We certainly know it works to some degree. Is this administration anti-science?
If it doesn’t work, then why are the Russians so paranoid about it? Probably, because they know more about it than the POTUS. Just like in the days FDR and Clinton, this administration is probably infiltrated by the Chinese and the Russians at the highest levels, and have a better grasp of our technology than do the Enlightened Idiots running the country.
Even if it doesn’t work as good as we’d like, does it make sense to let our adversaries know this? Oh, by the way, my dearest Supreme Leader, our weapons aren’t that much of a deterrent after all.
David Curp,
Did you read Anne Applebaum’s column today in WaPo? She is on the same wavelength.
MONTAGE – SERIES OF CLOSE-UPS: clenched fists – of all nations – pound red “over-charge” buttons over and over, laughter re-echoes.
VB,
No I didn’t, but I imagine her inside info on things Polish (and her deeper understanding of the security/kleptocracy apparat that currently misrules Russia) makes it even clearer just how provocatively weak we are coming across in our efforts to appease Putin/Medvedev and co. – esp. since by leaving the Poles (and Czechs) to hang out to dry we are signaling all our real friends in Europe that Atlanticism is too thin a reed (or too expensive a shield in its unpredictability?) for them to lean on.

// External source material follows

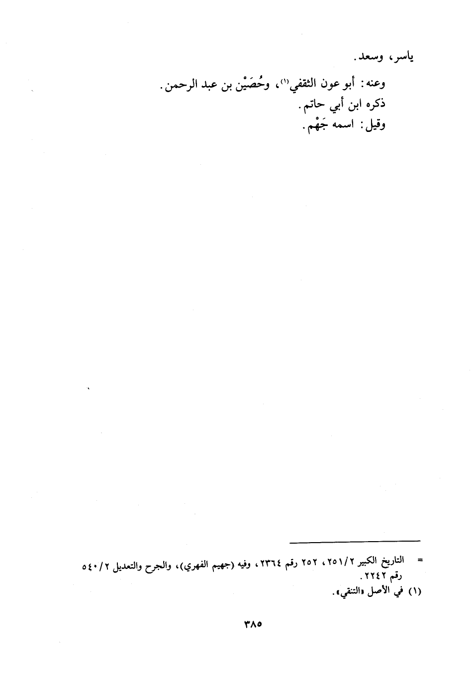 [ () ] التاريخ الكبير 2/ 251، 252 رقم 2364، وفيه (جهيم الفهري) ، والجرح والتعديل 2/ 540 رقم 2242.
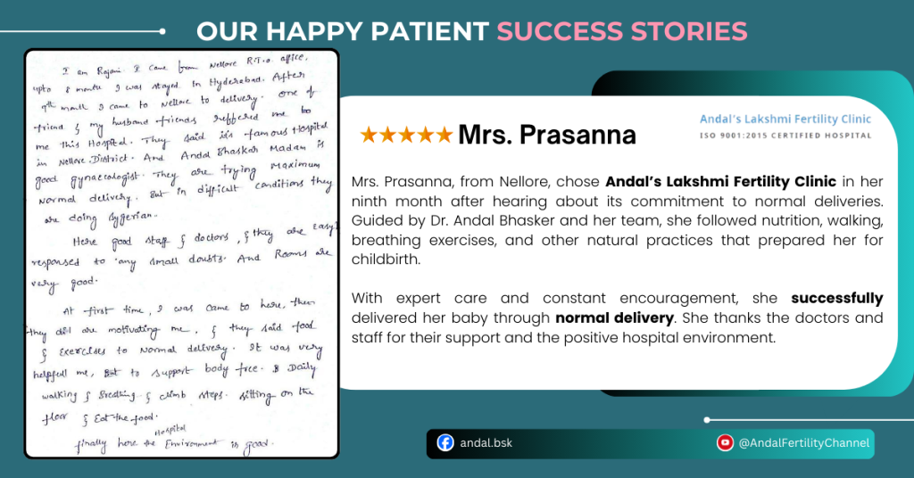 She expressed gratitude to Dr. Andal Bhasker and the entire team for their constant encouragement, excellent care, and for creating a comfortable environment for her delivery journey.

“There’s nothing special about Britain. You’re just the same as the other 190 countries in the world. You shouldn’t expect special treatment.”
Regardless of its absurd equation, this comment by the unnamed viper in our State department should come as no surprise. It’s part and parcel of the global village/one world government/multicultural/field leveling/enemy appeasing/ally snubbing/soft power/risk averse/anti-Western claptrap the department has been pushing for the last two decades. Why would a fool like that understand the special relationship between America and Britain when he cant even understand the concept of a strategic relationship? These people think that allies can be taken for granted because they need us and they’re too civilized to retaliate. They conversely believe that enemies can be appeased by paying lip service to their phony grievances and treating them as equals.
In the real world, our allies are not inalienable and we need them, while our enemies cannot be appeased and strongly desire our failure.
Is it any wonder President Obama shows little interest in foreign policy? He doesn’t understand it any more than the politically correct tards in the State Department. I seriously doubt he cares about the rest of the world. He just wants it to like us. Why would his foreign policies be any less sophomoric than his domestic ones?